Background technique

Optical filter is an important device to realize wavelength division multiplexing technology, and is widely used in the field of optical communication and on-chip optical interconnection system. For example, it can be applied to the optical add-drop multiplexing node in the optical wavelength division multiplexing network, and its function is to selectively receive and send some wavelength channels locally up and down from the transmission optical path.
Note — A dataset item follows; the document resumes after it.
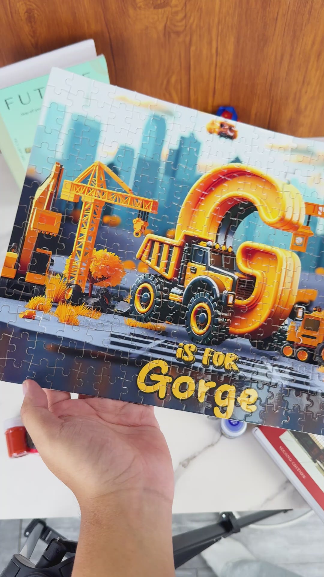 Construction Vehicles Letters - Personalized Kid Jigsaw Puzzle

The core device of the add-drop multiplexing node is an optical filter device, which selects the wavelength to be added/dropped to realize wavelength routing. The new type of optical filter is based on the optical waveguide structure, using semiconductor thin film manufacturing technology to obtain good optical domain performance and high integration characteristics. At present, chemical vapor deposition or molecular beam epitaxy and other methods are used on Si, GaAs, InP and other substrates, combined with etching technology to realize an integrated two-dimensional planar optical transmission system, so that the application of new optical filters in on-chip optical interconnection systems is also possible. become possible. At the same time, integrated optical filters also have broad application prospects in the fields of optical add-drop multiplexing, on-chip optical switching, and optical computing.

Common optical filters include filters based on interference principles, such as fused-cone fiber filters, Fabry Perot filters, multilayer dielectric film filters, Mach-Zehnder filters, etc.; and filters based on grating principles , such as volume grating filters, arrayed waveguide grating filters (AWG), fiber grating filters, etc. The size of the above-mentioned filters is relatively large, and they are often used in systems in the form of discrete devices, making it difficult to achieve large-scale integration. In addition, when applied to on-chip integrated systems for optical interconnection and optical computing, these bulk filters cannot meet the requirements of high integration. The waveguide optical filter came into being. Although the optical filter based on the microring resonator can solve the integration problem to a certain extent, there is a problem that the radius of curvature of the microring is limited by the difference in refractive index of the material and the bending loss of the waveguide. Temperature sensitivity and narrow bandwidth issues. Since the waveguide Mach-Zehnder filter uses conventional Y branches, directional couplers or multi-mode interference couplers in its structure, it also has the problem of occupying a large monolithic size or a long one-dimensional scale. It is not conducive to increasing the number of integration of discrete components in photonic integrated circuits. Therefore, it is technically necessary to realize a waveguide optical filter device that occupies a smaller area in the two-dimensional direction, has a more compact structure, and lower power consumption.

Contents of the invention

In view of the defects that the current integrated optical filter occupies a large single-chip size and cannot be integrated in two-dimensional directions, a new groove-based rectangular ring resonator waveguide optical filter structure is proposed, which can be highly integrated in two-dimensional directions. And obtain lower insertion loss and improve the quality factor.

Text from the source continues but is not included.